More ‘Crocodile Hunter’ details emerge

? Steve Irwin pulled a poisonous stingray barb from his chest in his dying moments, his longtime manager said Tuesday, after watching videotape of the attack that killed the popular “Crocodile Hunter.”

Irwin’s body was returned home to Beerwah, a hamlet in southeastern Queensland on the fringe of the Outback where he lived with his wife and two young children. Irwin turned a modest reptile park opened by his parents into Australia Zoo, a wildlife reserve that has become an international tourist attraction.

Terri Irwin, in her first public comment since her husband’s death, thanked the staff of his zoo in a brief message late Tuesday, said spokesman Michael Hornby.

“She was very choked up. It was a very frail comment,” Hornby told The Associated Press today. “But she wanted to say to the staff how grateful she was for their support and how much it meant to her.” Details weren’t made public.

Terri Irwin, of Eugene, Ore., daughter Bindi, 8, and son Bob, 2, had been vacationing on the island state of Tasmania when Irwin was killed.

The dramatic details of Irwin’s death Monday as he was shooting a program on the Great Barrier Reef were disclosed by John Stainton, his manager and close friend. He said he had viewed the videotape showing the TV star pulling the poisonous stingray barb from his chest.

“It shows that Steve came over the top of the ray and the tail came up, and spiked him here (in the chest), and he pulled it out, and the next minute he’s gone,” Stainton told reporters in Cairns, the nearest city to tiny Batt Reef off Australia’s far northeast coast where the accident happened.

Stainton said the video was “shocking.”

The tape was not released to the public. Queensland state police took possession of a copy for a coroner’s investigation.

Stainton said the tape should be destroyed when the coroner is finished. “I would never want that tape shown. I mean, it should be destroyed,” he said on CNN’s “Larry King Live.”

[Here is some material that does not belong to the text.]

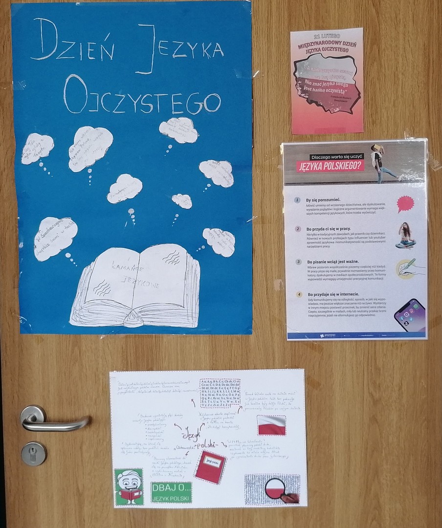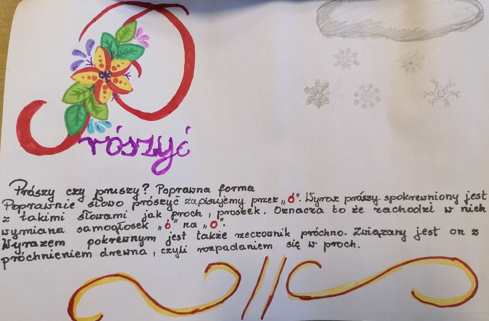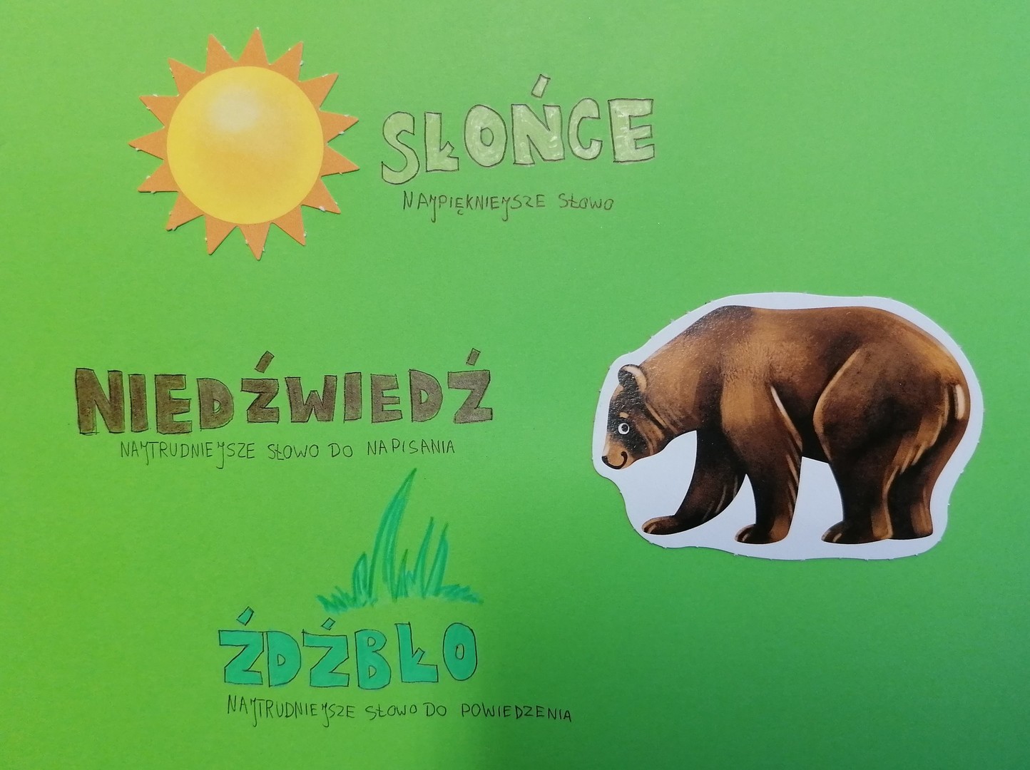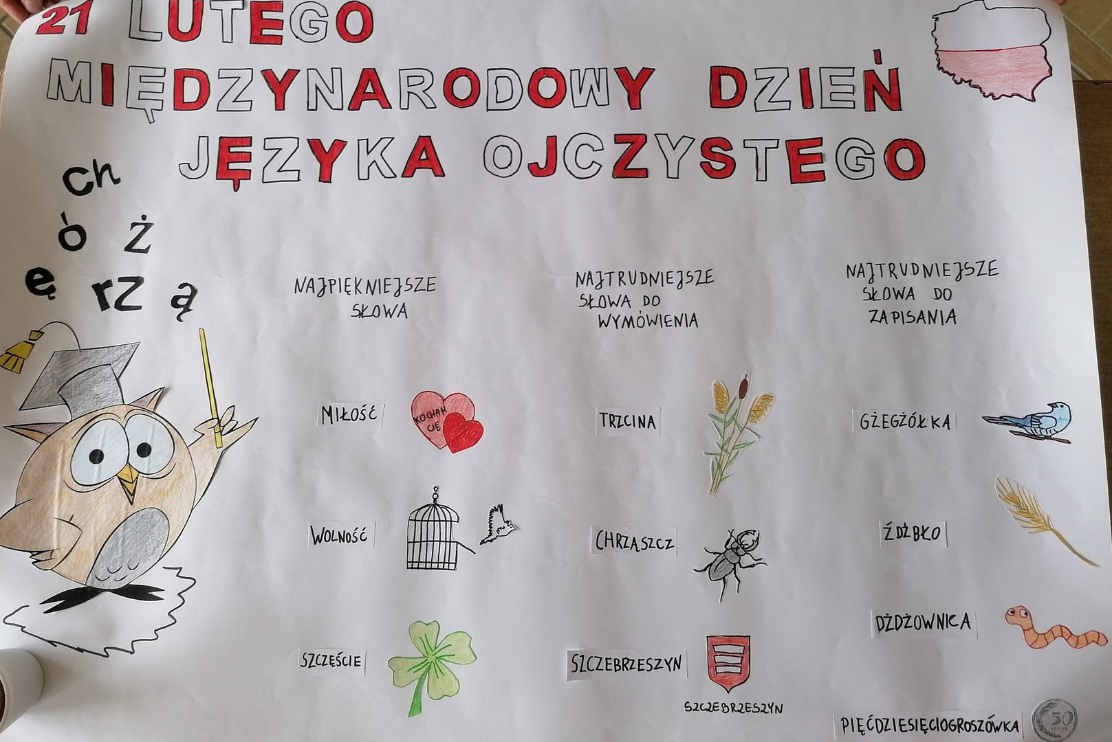 Chętni uczniowie podjęli się też zrealizowania zadań dodatkowych: stworzyli mapy myśli dotyczące języka ojczystego, na których umieścili ciekawostki językowe i swoje przemyślenia, wykonali plakaty z hasłami reklamującymi dbałość o poprawne posługiwanie się językiem polskim, a także wybrali i zilustrowali trzy wybrane przez siebie słowa z języka polskiego – najpiękniejsze, najtrudniejsze do wymówienia i najtrudniejsze do zapisania. Efekty ich prac można podziwiać w galerii.

People thronged around the entrance of the park on Tuesday, near a billboard featuring Irwin holding a crocodile in his arms and his catch phrase, “Crikey!”

“We’re all devastated,” said Gail Gipp, the park’s hospital wildlife manager. “It is very surreal at the moment. We’re determined to carry on what he would have wanted.”

“Mate, you made the world a better place,” read one poster left at the gate. “Steve, our hero, our legend, our wildlife warrior,” read another.

“I thought you were immortal. How I wish that was true,” said a third.

The family hasn’t spoken about Irwin’s funeral plans, although Queensland Premier Peter Beattie offered a state funeral.

Meanwhile, Animal Planet said it had given no thought to taking “The Crocodile Hunter” off the air, said Maureen Smith, the network’s executive vice president and general manager.

“Steve’s whole mission in life was to educate and inspire the public to take care of animals in the world that we share,” she said. “To continue is the best way to get that message out.”

Irwin was filming a new series, “Ocean’s Deadliest Predators,” for Animal Planet. Smith said she wasn’t aware whether enough filming had been done for anything to make it on the air.